**STORED DATA**
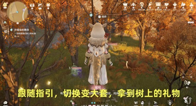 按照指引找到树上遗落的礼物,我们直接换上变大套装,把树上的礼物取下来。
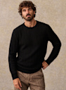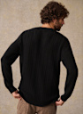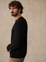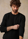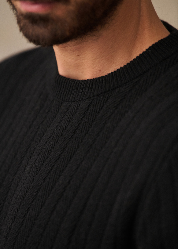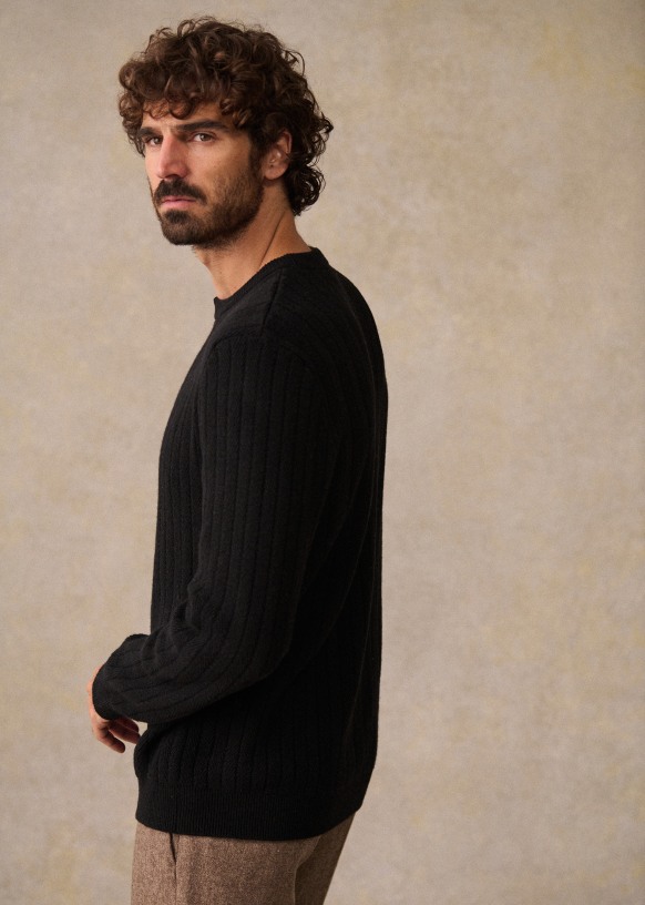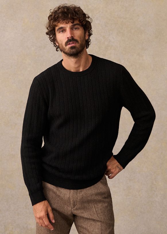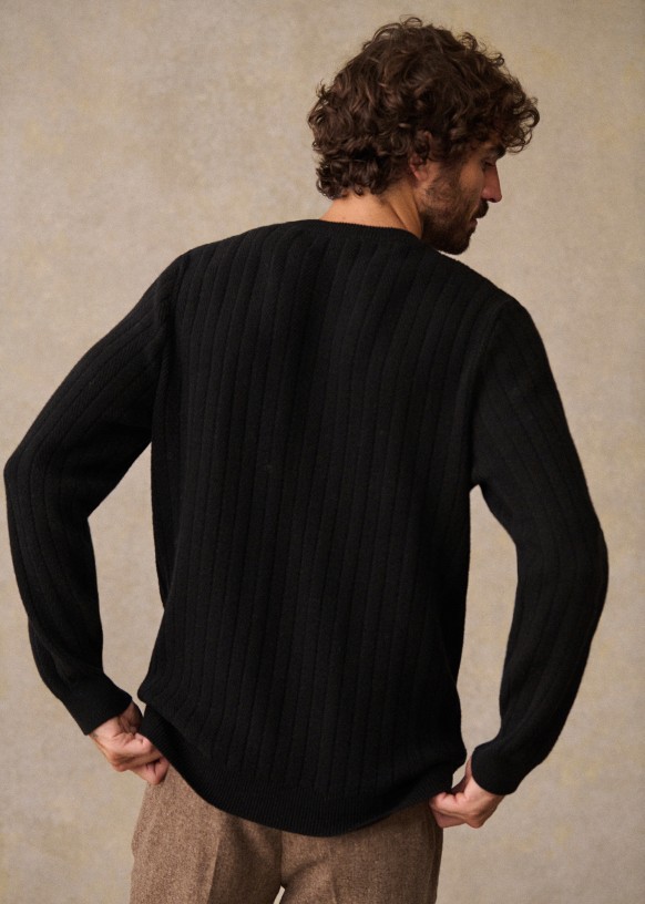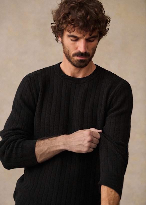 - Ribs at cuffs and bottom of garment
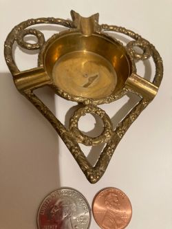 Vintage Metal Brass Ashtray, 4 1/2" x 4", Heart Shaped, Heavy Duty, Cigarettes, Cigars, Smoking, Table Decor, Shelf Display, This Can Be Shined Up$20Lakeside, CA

**EXERCISE DETAILS**
Any picture in the listing above gets left out; output the rest exactly.

**EXERCISE ANSWER**
 按照指引找到树上遗落的礼物,我们直接换上变大套装,把树上的礼物取下来。
 - Ribs at cuffs and bottom of garment
 Vintage Metal Brass Ashtray, 4 1/2" x 4", Heart Shaped, Heavy Duty, Cigarettes, Cigars, Smoking, Table Decor, Shelf Display, This Can Be Shined Up$20Lakeside, CA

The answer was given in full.